==== Exercise input
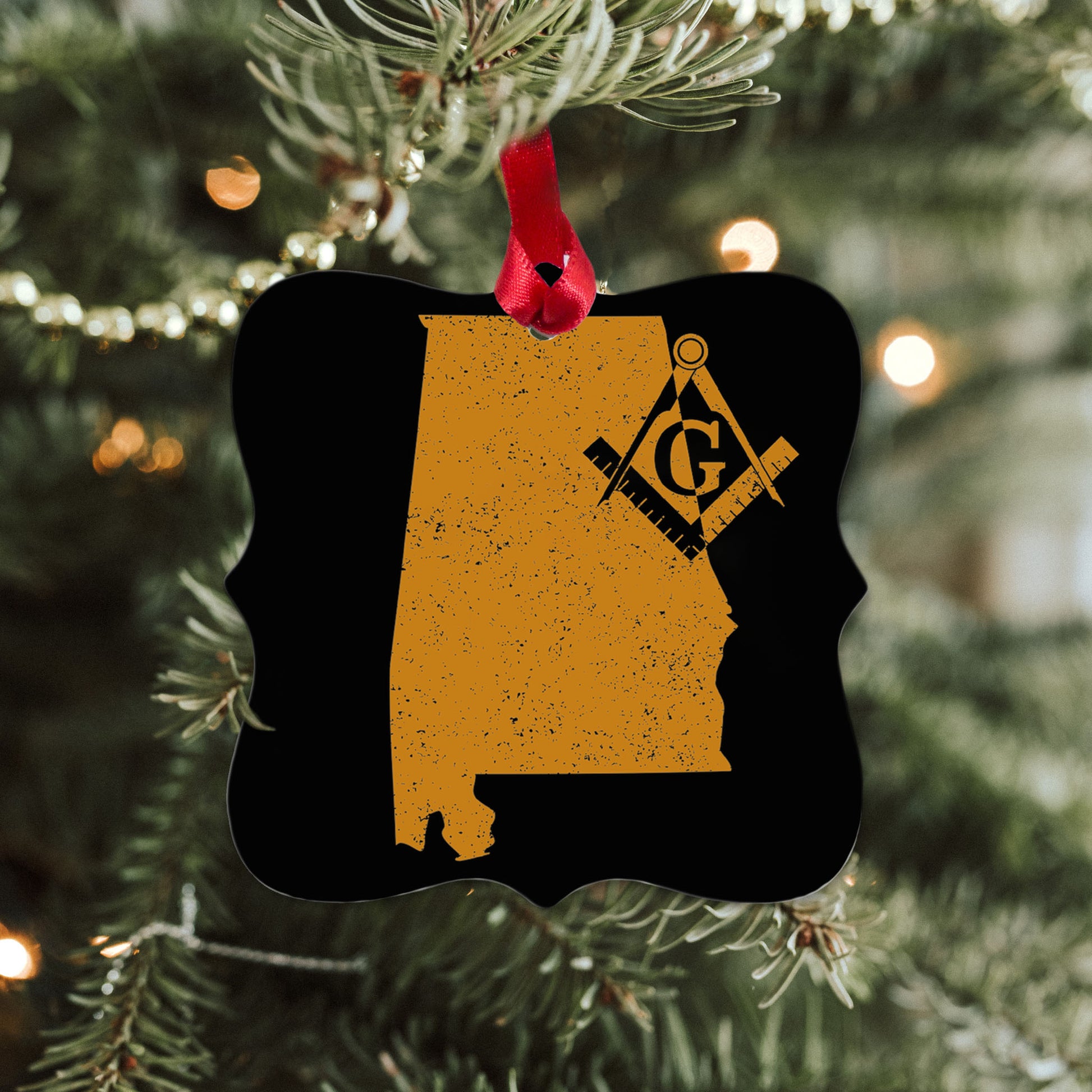 Alabama square & compass freemason symbol state map - Square Aluminum Ornament
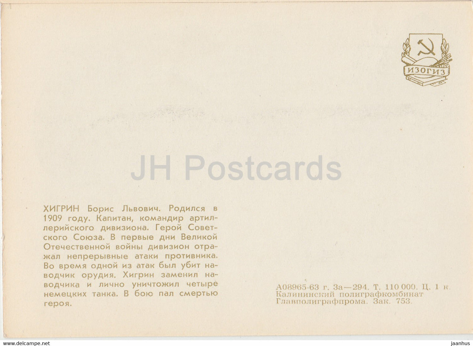 B. Higrin – Sowjetische Helden des Zweiten Weltkriegs – Kanone – Illustration von L. Kotlyarov – 1963 – Russland UdSSR – unbenutzt
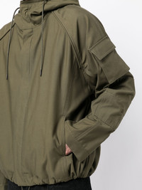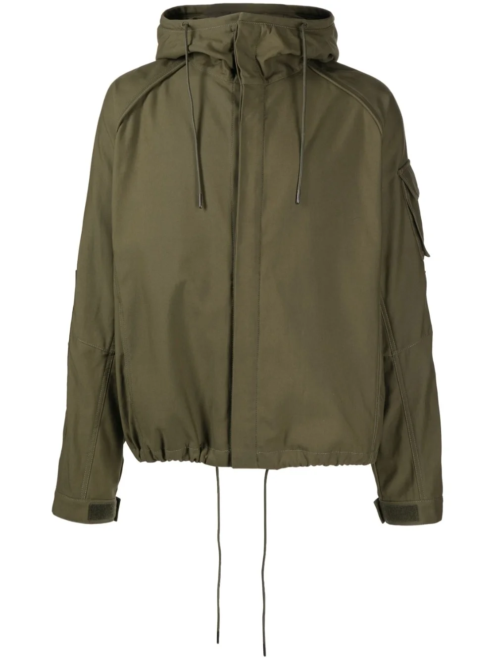 drawstring-hood high-neck jacket Highlights - Khaki - Cotton blend - Slouchy drawstring hood - High neck - Concealed front fastening - Long sleeves - Two side slit pockets - Sleeve flap pocket - Elasticated hem Imported Composition Cotton 73%, Nylon 27% SIZE & FIT Model measurements Height 6 ft 2 in(1.87 m) Bust/Chest 34.25 in(87 cm) Hips 36.22 in(92 cm) Waist 29.52 in(75 cm) FittingInformation Designed to be unstructured, offering a loose fit throughout Made from a midweight non-stretch fabric This piece fits true to size – take your usual size Washing instructions Dry Clean Only
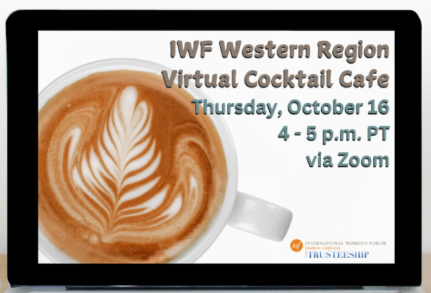 You’re invited to join the IWF Forum to Forum Western Region Cocktail Café. For this great event, we are bringing together our eight Western Region forums including British Columbia, Washington, Oregon, Northern California, Southern California, Idaho, Utah and Hawaii. Please bring a cocktail, glass of wine, tea, coffee or favorite beverage and be ready for a fun conversation with your IWF sisters!
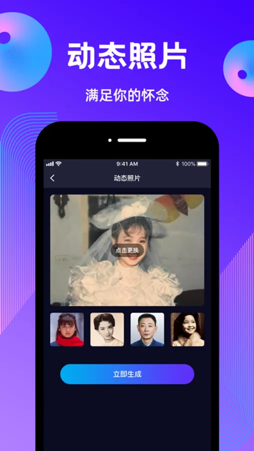 动态老照片:提供多张动态视频模版,只需一张图片,即可实现动态老照片效果。
========
The problem - Would you please reproduce verbatim the run of lines that opens the listing and ends with the line holding "B. Higrin –", and only that run, leaving every picture out?

Answer below -
 Alabama square & compass freemason symbol state map - Square Aluminum Ornament
 B. Higrin – Sowjetische Helden des Zweiten Weltkriegs – Kanone – Illustration von L. Kotlyarov – 1963 – Russland UdSSR – unbenutzt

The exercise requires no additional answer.